→ **ASSIGNMENT**
Any picture in the data below should be skipped, while every line is repeated exactly.

→ **DATA FOR ANALYSIS**

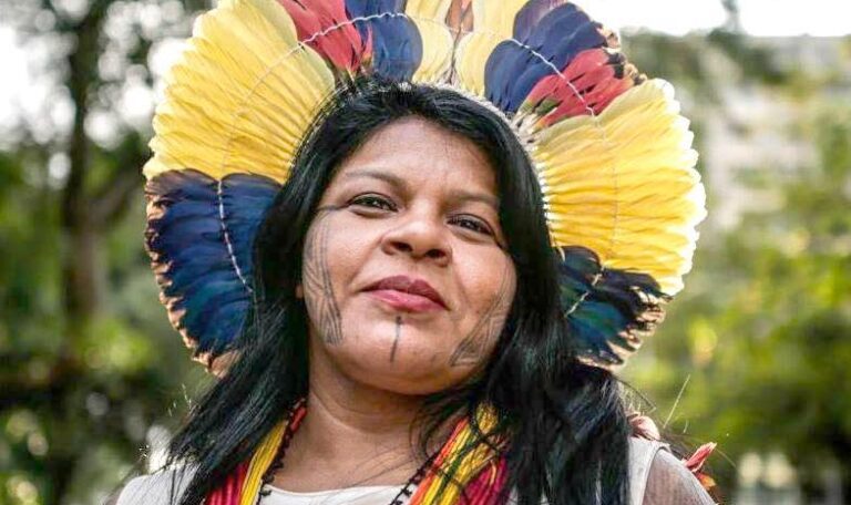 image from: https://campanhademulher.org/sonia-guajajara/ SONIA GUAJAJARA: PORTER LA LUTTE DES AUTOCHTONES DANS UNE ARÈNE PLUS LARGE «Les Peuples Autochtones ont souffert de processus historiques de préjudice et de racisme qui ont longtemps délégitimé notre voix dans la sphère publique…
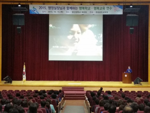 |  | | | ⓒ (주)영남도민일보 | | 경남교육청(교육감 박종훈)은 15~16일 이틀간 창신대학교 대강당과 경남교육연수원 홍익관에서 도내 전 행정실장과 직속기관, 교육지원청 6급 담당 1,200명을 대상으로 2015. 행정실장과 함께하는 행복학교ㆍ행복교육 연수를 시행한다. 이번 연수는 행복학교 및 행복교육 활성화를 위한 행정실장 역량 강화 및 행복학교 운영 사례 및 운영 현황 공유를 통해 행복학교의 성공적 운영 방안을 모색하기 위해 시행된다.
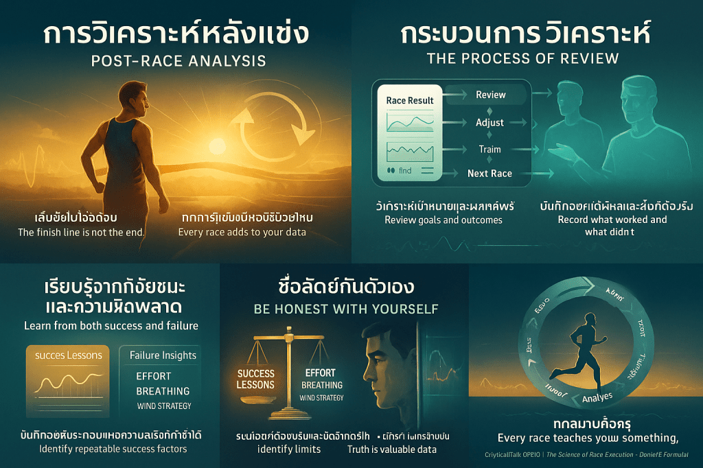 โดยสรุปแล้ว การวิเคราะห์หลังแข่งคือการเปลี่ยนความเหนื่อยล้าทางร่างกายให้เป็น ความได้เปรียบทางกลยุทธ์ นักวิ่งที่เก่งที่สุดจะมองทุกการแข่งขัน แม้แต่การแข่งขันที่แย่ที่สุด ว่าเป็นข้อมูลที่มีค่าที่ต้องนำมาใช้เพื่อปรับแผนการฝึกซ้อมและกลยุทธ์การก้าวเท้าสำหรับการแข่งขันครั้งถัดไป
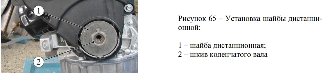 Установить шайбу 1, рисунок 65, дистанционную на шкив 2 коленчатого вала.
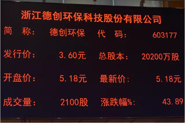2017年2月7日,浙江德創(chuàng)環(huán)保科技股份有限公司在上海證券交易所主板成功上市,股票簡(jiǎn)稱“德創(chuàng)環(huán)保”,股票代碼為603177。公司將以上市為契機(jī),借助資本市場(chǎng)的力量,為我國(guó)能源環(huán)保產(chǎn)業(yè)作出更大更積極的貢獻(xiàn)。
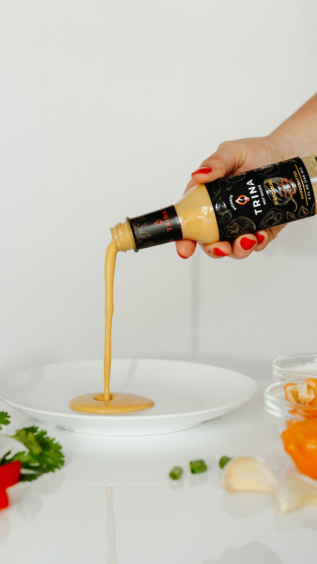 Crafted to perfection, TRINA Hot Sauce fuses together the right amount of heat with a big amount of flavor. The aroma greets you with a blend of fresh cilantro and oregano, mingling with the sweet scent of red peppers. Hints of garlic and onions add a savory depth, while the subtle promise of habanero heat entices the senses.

→ **RESPONSE**
 image from: https://campanhademulher.org/sonia-guajajara/ SONIA GUAJAJARA: PORTER LA LUTTE DES AUTOCHTONES DANS UNE ARÈNE PLUS LARGE «Les Peuples Autochtones ont souffert de processus historiques de préjudice et de racisme qui ont longtemps délégitimé notre voix dans la sphère publique…
 |  | | | ⓒ (주)영남도민일보 | | 경남교육청(교육감 박종훈)은 15~16일 이틀간 창신대학교 대강당과 경남교육연수원 홍익관에서 도내 전 행정실장과 직속기관, 교육지원청 6급 담당 1,200명을 대상으로 2015. 행정실장과 함께하는 행복학교ㆍ행복교육 연수를 시행한다. 이번 연수는 행복학교 및 행복교육 활성화를 위한 행정실장 역량 강화 및 행복학교 운영 사례 및 운영 현황 공유를 통해 행복학교의 성공적 운영 방안을 모색하기 위해 시행된다.
 โดยสรุปแล้ว การวิเคราะห์หลังแข่งคือการเปลี่ยนความเหนื่อยล้าทางร่างกายให้เป็น ความได้เปรียบทางกลยุทธ์ นักวิ่งที่เก่งที่สุดจะมองทุกการแข่งขัน แม้แต่การแข่งขันที่แย่ที่สุด ว่าเป็นข้อมูลที่มีค่าที่ต้องนำมาใช้เพื่อปรับแผนการฝึกซ้อมและกลยุทธ์การก้าวเท้าสำหรับการแข่งขันครั้งถัดไป
 Установить шайбу 1, рисунок 65, дистанционную на шкив 2 коленчатого вала.
2017年2月7日,浙江德創(chuàng)環(huán)保科技股份有限公司在上海證券交易所主板成功上市,股票簡(jiǎn)稱“德創(chuàng)環(huán)保”,股票代碼為603177。公司將以上市為契機(jī),借助資本市場(chǎng)的力量,為我國(guó)能源環(huán)保產(chǎn)業(yè)作出更大更積極的貢獻(xiàn)。
 Crafted to perfection, TRINA Hot Sauce fuses together the right amount of heat with a big amount of flavor. The aroma greets you with a blend of fresh cilantro and oregano, mingling with the sweet scent of red peppers. Hints of garlic and onions add a savory depth, while the subtle promise of habanero heat entices the senses.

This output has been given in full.